Mailing List Archive

Problems matching the last word in multi-OR Regex
HI,
Situation:i have 2 twin servers running exactly the same OS, and SA. (3.4.4)
i have an email with the word 'dog' inside.
i have this rule:      body    __ANIMALS    /cat|mouse|bird|dog/i

Problem:Rule  __ANIMALS  its in one server, but in the other one, does not!

i have noticed that if i switch the rule words order, like this:

  body    __ANIMALS    /cat|mouse|dog|bird/i

and 'dog' is not the latest word, then it hits on both servers.

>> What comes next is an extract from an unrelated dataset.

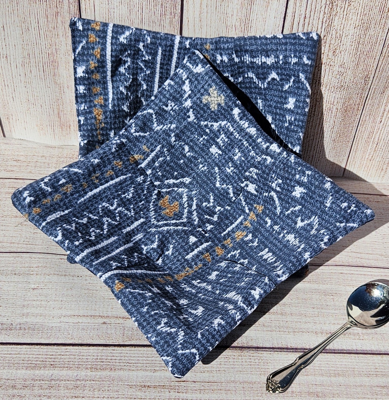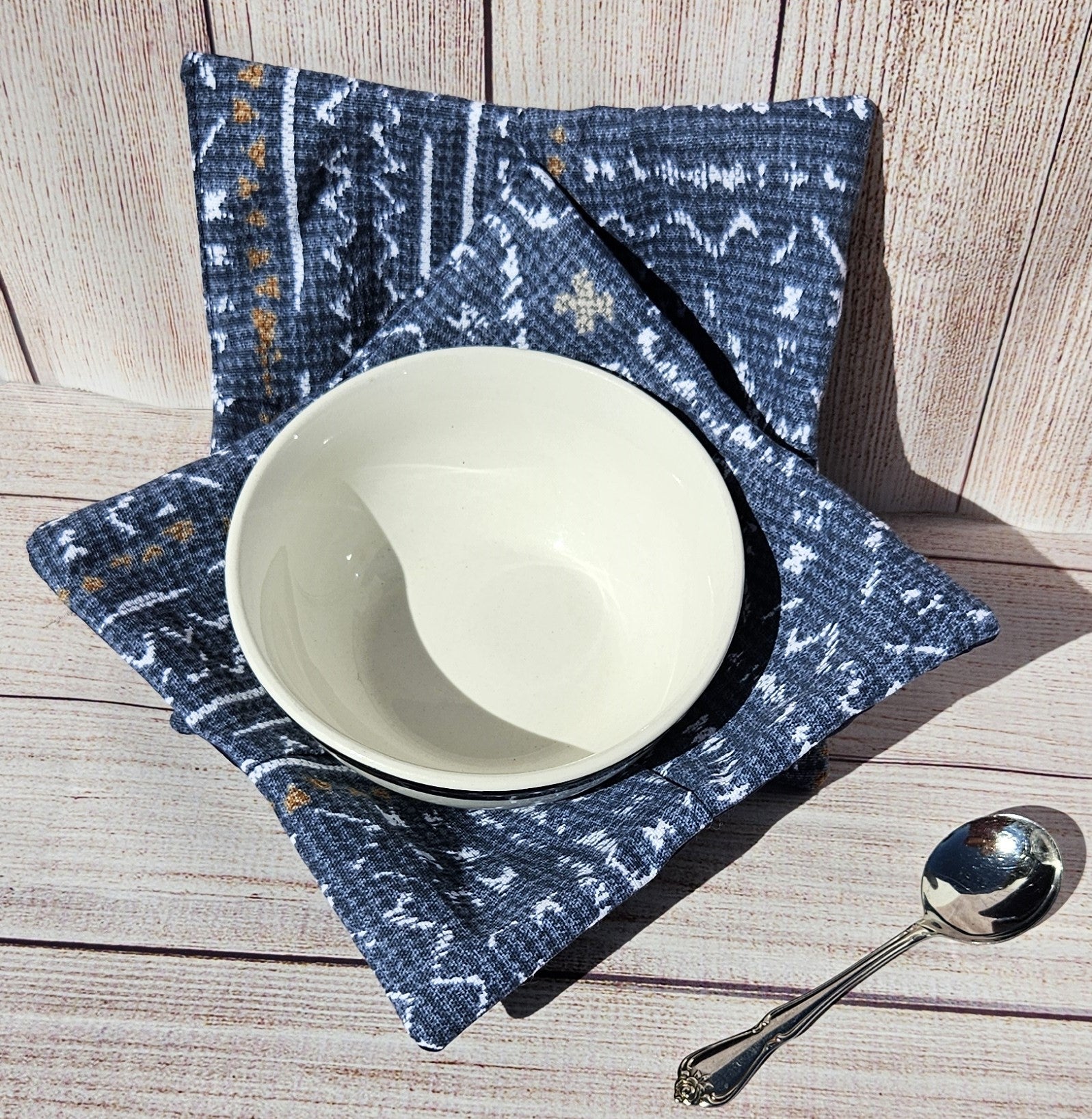 Our design is non-reactive in the microwave, and features tops constructed with sturdy cotton canvas, cotton denim, or cotton corduroy, and the bottoms are double-faced cotton quilted fabric. This creates a durable, washable, and beautiful bowl cozy that lasts for years no matter how many times they are washed.

I have tried many permutations and it only fails with the word that appears the last in regular expressions with multiple OR
Has anyone seed this before? is that a known bug?  
Thanks...

Pete.
Re: Problems matching the last word in multi-OR Regex [ In reply to ]
On 2022-12-15 at 07:03:25 UTC-0500 (Thu, 15 Dec 2022 12:03:25 +0000
(UTC))
Pedro David Marco via users <pedrod_marco@yahoo.com>
is rumored to have said:

> HI,
> Situation:i have 2 twin servers running exactly the same OS, and SA.
> (3.4.4)
> i have an email with the word 'dog' inside.
> i have this rule:      body    __ANIMALS   
> /cat|mouse|bird|dog/i
>
> Problem:Rule  __ANIMALS  its in one server, but in the other one,
> does not!
>
> i have noticed that if i switch the rule words order, like this:
>
>   body    __ANIMALS    /cat|mouse|dog|bird/i
>
> and 'dog' is not the latest word, then it hits on both servers.
>
> I have tried many permutations and it only fails with the word that
> appears the last in regular expressions with multiple OR
> Has anyone seed this before? is that a known bug?  

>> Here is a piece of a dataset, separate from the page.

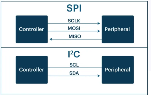 - 高速率:SPI 支持较高的通信速率,通常可达数 MHz 甚至更高,适合陀螺仪、加速度计、磁传感器等高采样率传感器;

This is absolutely NOT a known bug. I'm not sure how it is possible for
something so fundamental to still be lurking in SA undiscovered. I don't
think the basic parsing of REs in rules has changed since v2.

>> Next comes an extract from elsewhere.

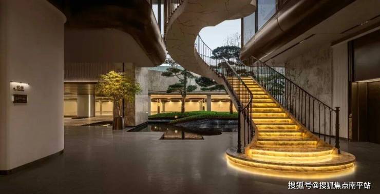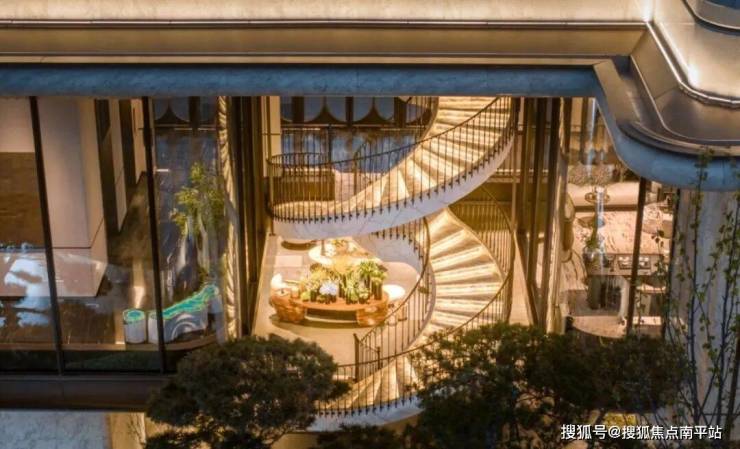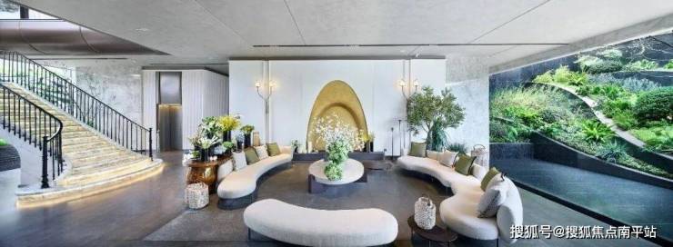 面对弥珍的地块,湖境月华以「伦敦瑰丽酒店」为景观营造母本,借一线水岸资源,通过立体嵌套、内外渗透、功能复合等造园手法,在有限的场地,构筑一幅自然与雅奢交融的立体画卷。

It would help a great deal if you could open a bug at
https://bz.apache.org/SpamAssassin/ with sample messages that are hit or
not by different variants of the rule.




> Thanks...
>
> Pete.


--
Bill Cole
bill@scconsult.com or billcole@apache.org
(AKA @grumpybozo and many *@billmail.scconsult.com addresses)
Not Currently Available For Hire
Re: Problems matching the last word in multi-OR Regex [ In reply to ]
On 12/15/2022 7:03 AM, Pedro David Marco via users wrote:
> HI,
>
> Situation:
> i have 2 twin servers running exactly the same OS, and SA. (3.4.4)
>
> i have an email with the word 'dog' inside.
>
> i have this rule:
>   body    __ANIMALS /cat|mouse|bird|dog/i
>
> Problem:
> Rule  __ANIMALS  its in one server, but in the other one, does not!
>
> I have tried many permutations and it only fails with the word that
> appears the last in regular expressions with multiple OR
>
> Has anyone seed this before? is that a known bug?
>
No.

How are you testing?
sa-compile up to date on both servers?
spamd and/or milters restarted on both?
Re: Problems matching the last word in multi-OR Regex [ In reply to ]
> body __ANIMALS /cat|mouse|bird|dog/i

There is a possible problem with your rule. It probably isn't related to what you are seeing, but could be a problem for you anyway.

There is no word boundry in the regex, so 'cat' will match catamaran, 'mouse' will match mousehouse, 'bird' will match birddog, and so will 'dog'.

You can solve this by adding word boundries:

body __ANIMALS /\b(:?cat|mouse|bird|dog)\b/i

or

body __ANIMALS /\bcat\b|\bmouse\b|\bbird\b|\bdog\b/i
Re: Problems matching the last word in multi-OR Regex [ In reply to ]
On Thu, Dec 15, 2022 at 09:17:54AM -0500, Bill Cole wrote:
> On 2022-12-15 at 07:03:25 UTC-0500 (Thu, 15 Dec 2022 12:03:25 +0000 (UTC))
> Pedro David Marco via users <pedrod_marco@yahoo.com> is rumored to have said:
>
> > HI,
> > Situation:i have 2 twin servers running exactly the same OS, and SA.
> > (3.4.4)

Are there different version of some external plugins installed,
maybe?

> > i have an email with the word 'dog' inside.
> > i have this rule:      body    __ANIMALS    /cat|mouse|bird|dog/i
> >
> > Problem:Rule  __ANIMALS  its in one server, but in the other one, does
> > not!

Interesting. Is there perhaps some syntax error elsewhere in the file?
You can check with "spamassassin --lint"

Also, maybe there is another rule with same name defined elsewhere
(maybe editor backup file that SA includes?)

> > i have noticed that if i switch the rule words order, like this:
> >
> >   body    __ANIMALS    /cat|mouse|dog|bird/i
> >
> > and 'dog' is not the latest word, then it hits on both servers.
> >
> > I have tried many permutations and it only fails with the word that
> > appears the last in regular expressions with multiple OR
> > Has anyone seed this before? is that a known bug?  
>
> This is absolutely NOT a known bug. I'm not sure how it is possible for
> something so fundamental to still be lurking in SA undiscovered. I don't
> think the basic parsing of REs in rules has changed since v2.
>
> It would help a great deal if you could open a bug at
> https://bz.apache.org/SpamAssassin/ with sample messages that are hit or not
> by different variants of the rule.

I agree. Do mention the issue in this thread when you open it, so
interested parties may follow.


One other obscure situation that comes to mind that might possibly
happen is that one used "sa-compile" in the past for previous version
of the regex, but something went wrong with system clock so SA does
not detect that changed regex needs recompiling and continues to use
old outdated version)

Or are you using spamc/spamd which did not reload new rule?

Ore maybe the word "dog" is copy/pasted instead of type and so it
includes some invisible UTF8 characters.

I'd suggest if you could try creating new unique different name for
the rule (e.g. NEWANIMALS_20230621), typing the rule content manually
instead of copy/pasting, and checking if that rule matches by using
"spamassassin -t" on that?

That should rule out most of the possible other issues above.

--
Opinions above are GNU-copylefted.